Updated: Nov 9, 2020

Radioactive

Director: Marjane Satrapi


Radioactive’ is the story of Marie Skłodowska Curie (played by Rosamund Pike) – the twice Nobel Prize-winning scientist (awarded in the fields of both Physics and Chemistry) – who, along with husband Pierre Curie (Sam Riley) discovered the property of radioactivity and then went on to discover radium and polonium. Proximity to their discovery (Curie would keep a radioactive sample in a small glass bottle in her pocket) progressively damaged their health, eventually killing Marie Curie from an associated condition in 1934. Before their deaths, both she and Pierre realised that their work could be used to not only save lives but to also destroy them.

Satrapi’s film ‘Radioactive’ is far more than just story of the Curie’s prize-winning discoveries. It is a mighty romance that additionally captures the story of Pierre Curie, a man strong enough to ignore peer approval. Firstly, Pierre Curie offered this contentious Polish woman a space in his laboratory when doors in other Paris institutions were being slammed in her face … and then, far more bravely still, his heart. The rest, as they say, is history. We all know that in 1903 Pierre Curie and physicist Henri Becquerel were nominated for the Nobel Prize in Physics and that Pierre refused to accept the prize unless Marie was rightfully listed with them. Thus, with Pierre’s ongoing love and support, Marie became the first woman to receive a Nobel Prize that was her due.
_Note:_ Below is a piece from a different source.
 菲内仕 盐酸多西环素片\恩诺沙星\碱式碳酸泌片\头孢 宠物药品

To the astonishment of the government, the business sector, and friends alike Marie and Pierre never patented their breakthroughs, so as to allow other scientists to benefit from their discoveries without hindrance. Further, Marie gave much of her first Nobel Prize away and insisted that monetary gifts and awards be given to the scientific institutions she was affiliated with rather than herself.


After the death of her beloved Pierre, the lonely Curie embarked on an affair with the married scientist Paul Langevin. Were the reverse to have occurred, no Parisian eyelid would have batted but because Marie was both ‘foreign’ and female, public opinion swung and she was once more on the outside; sniffed at by the male scientific community, abused by the public, defamed by the press, and again having those doors slammed in her face.
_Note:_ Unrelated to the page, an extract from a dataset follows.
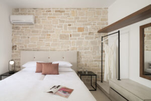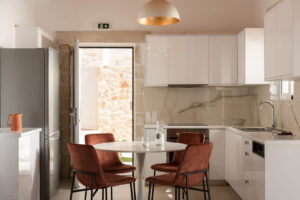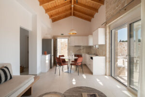 Ground Floor | Living Room & Lounge Area ( featuring a 55’ smart TV) • Dining area • Fully Equipped Kitchen • Double bedroom with Queen Size bed (1,60×2,00), En-Suite bathroom with walk in shower, direct access to the terrace • Twin Bedroom with two single beds (0,90×2,00) joined to form a King Size bed, En-Suite bathroom with walk in shower, direct access to the terrace.

At this same time Marie was awarded her second Nobel Prize – this time in Chemistry – for the discovery of the elements Radium and Polonium. Though told by the board of the Nobel Prize Committee to not come in person to receive her prize, always true to her confrontational nature Marie defied the request for her 'no-show' and insisted on receiving her award in person.


When World War One broke out Curie offered to melt down her Nobel Prize medals so the gold could be donated to the war effort. With her daughter Irène (Anya Taylor-Joy), she outfitted eighteen portable X-ray stations that could treat wounded soldiers on the front lines, at times operating and repairing the machines herself. She also established 200 more permanent X-ray posts during the war.


Sadly, for all her hard work and heroism, as many people loathed Marie Curie as admired her. It is a rumour of history that she had undiagnosed autism and this may have accounted for her fierce independence, dogged determination and her ability to unknowingly incite hostility in others by unintentionally offending them. Quite obviously, it did not hinder her brilliance.


Fittingly in 1995, in tribute to their brilliance, Marie and Pierre Curie’s bodies were transferred to the Paris Panthéon. Their remains are sealed in lead-lining because of the dangerously high levels of detectable radioactive contamination they exhibit. Likewise, Marie’s personal and scientific papers are kept in lead-lined boxes and may only be handled by people wearing protective clothing.


Extraordinary, multi-faceted and defiant, I am sure ‘Radioactive’ is just a glimpse of the remarkable woman who was Marie Skłodowska Curie.